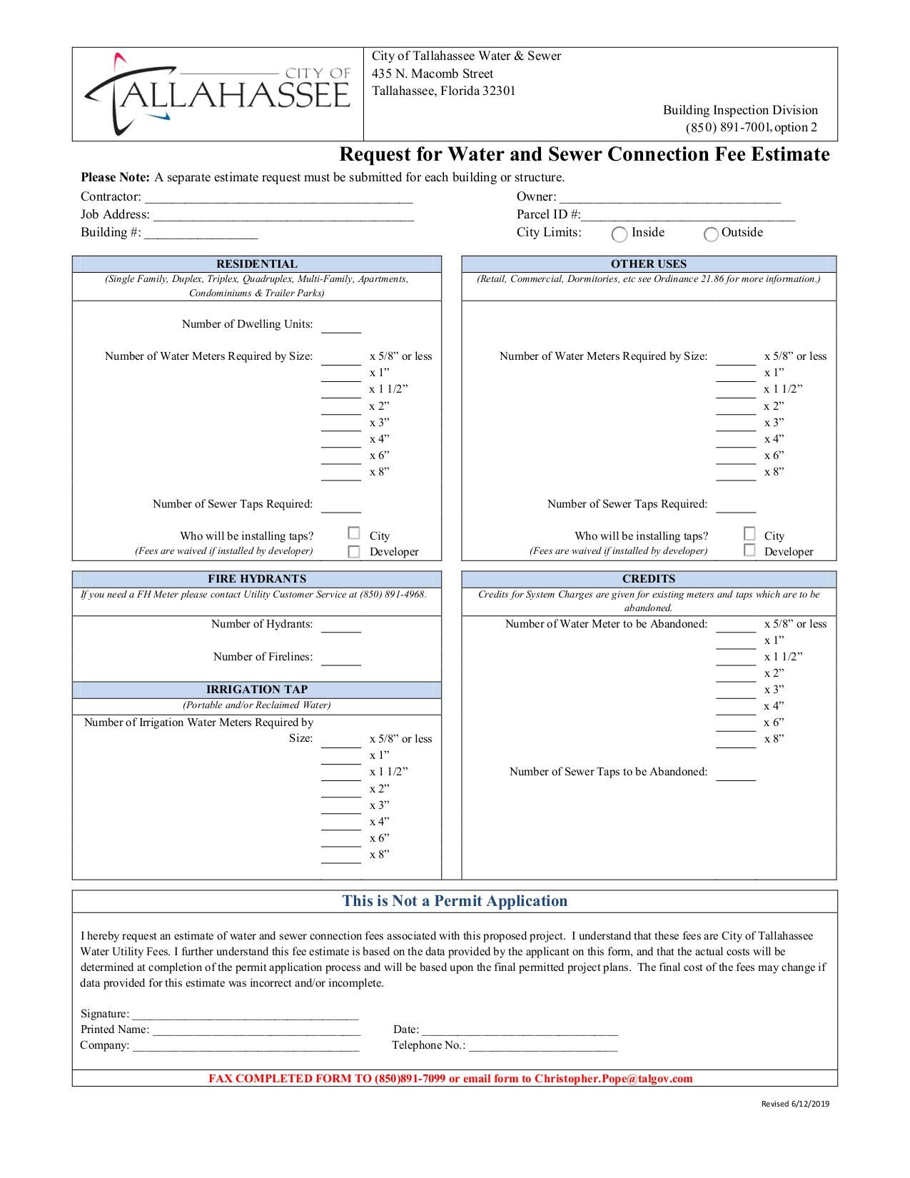 The form is used by individuals or organizations to request estimates for water and sewer services.
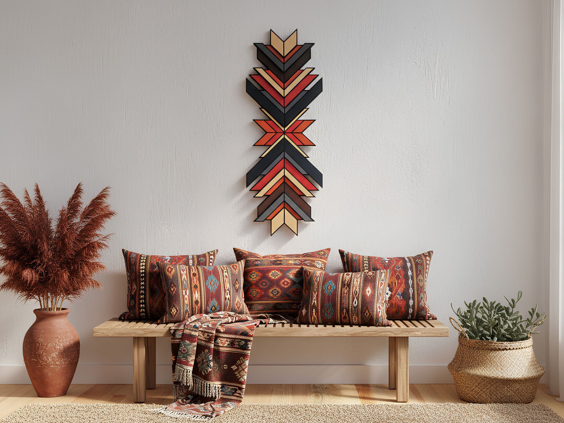 Vireka – Etnik Desenli MDF Ahşap Katmanlı Duvar Dekoru | El Boyama & Lazer Kesim
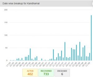 କନ୍ଧମାଳ ଜିଲ୍ଲାରେ କରୋନା ସଂକ୍ରମିତଙ୍କ ସଂଖ୍ୟା ୧୧ ଶହ ୪୧କୁ ବୃଦ୍ଧି ପାଇଛି । ୭୩୩ ସୁସ୍ଥ ହୋଇଥିବା ବେଳେ ଆକ୍ଟିଭ୍ କେସ୍ ରହିଛି ୪୦୨ । ୬ ଜଣଙ୍କର ମୁଣ୍ଡର ନେଇଛି କରୋନା । ମେ ୧୭ ତାରିଖରେ କନ୍ଧମାଳ ଜିଲ୍ଲାରୁ ପ୍ରଥମ ପଜିଟିଭ୍ କେସ୍ ବାହାରିଥିଲା ।
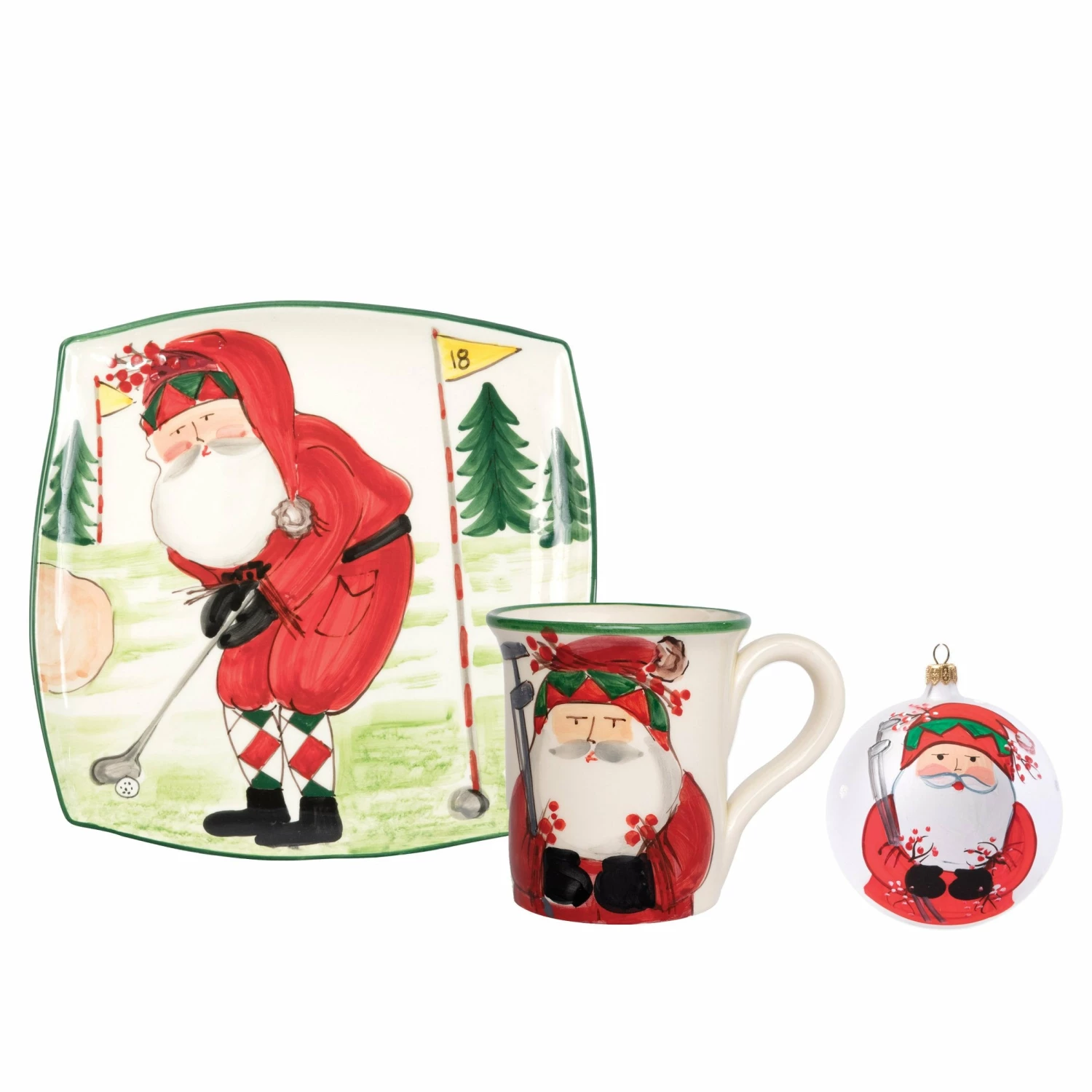 Delight in the magic of the holiday season with the Old St. Nick Golf Set including a Mug, Square Platter, and Ornament. Maestro artisan, Alessandro Taddei, relays childhood memories of stories his mother used to read to him about Babbo Natale, Italyβs Santa Claus, through whimsical designs providing us a glimpse into daily adventures leading up to each holiday season.
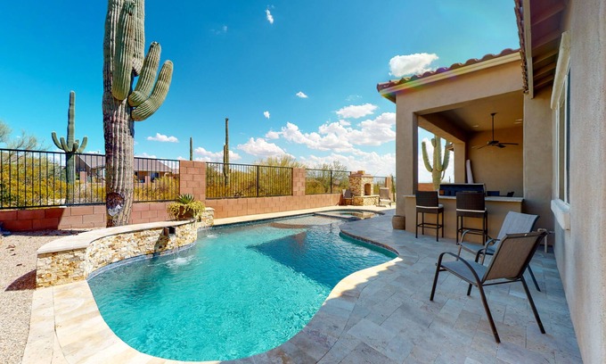 Southwestern stunner with enclosed yard, pool, putting green, & grill has 4 Bedrooms , 3 Bathrooms, and max occupancy of 8 people. The minimum rental for this property is 1 nights, but this can change depending on the season you plan on staying. Previous guests have given good rated it, and VRBO labeled it a top-rated House because of the excellent services rendered by the owner or manager of this House, and has consistently provided great experiences for their guests. Most families or guests that use it recommend it to their friends and some of them are repeat guests. House has a friendly neighborhood, and the Dove Mountain has interesting places to visit. If you want to learn more about the House in Dove Mountain, such as places to visit and things to do nearby, you can check below to learn more.
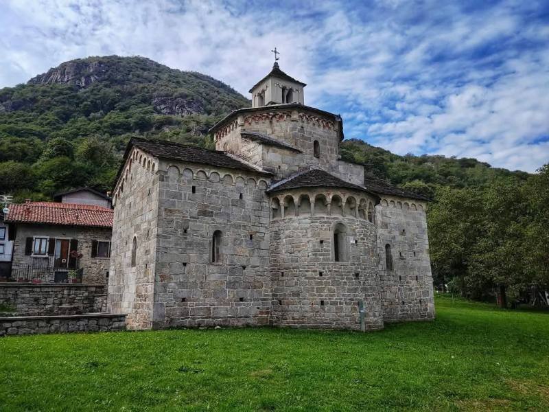 Si tratta di chiesa romanica a croce latina, con tiburio ottagonale e lanternino, ornato da una monofora e da tre bifore. L’edificio è realizzato con conci in serizzo ed in granito.

Required work: Your answer should be the lines from the first record down to the line containing "କନ୍ଧମାଳ ଜିଲ୍ଲାରେ କରୋନା", restated exactly, with no pictures.

Your response:
 The form is used by individuals or organizations to request estimates for water and sewer services.
 Vireka – Etnik Desenli MDF Ahşap Katmanlı Duvar Dekoru | El Boyama & Lazer Kesim
 କନ୍ଧମାଳ ଜିଲ୍ଲାରେ କରୋନା ସଂକ୍ରମିତଙ୍କ ସଂଖ୍ୟା ୧୧ ଶହ ୪୧କୁ ବୃଦ୍ଧି ପାଇଛି । ୭୩୩ ସୁସ୍ଥ ହୋଇଥିବା ବେଳେ ଆକ୍ଟିଭ୍ କେସ୍ ରହିଛି ୪୦୨ । ୬ ଜଣଙ୍କର ମୁଣ୍ଡର ନେଇଛି କରୋନା । ମେ ୧୭ ତାରିଖରେ କନ୍ଧମାଳ ଜିଲ୍ଲାରୁ ପ୍ରଥମ ପଜିଟିଭ୍ କେସ୍ ବାହାରିଥିଲା ।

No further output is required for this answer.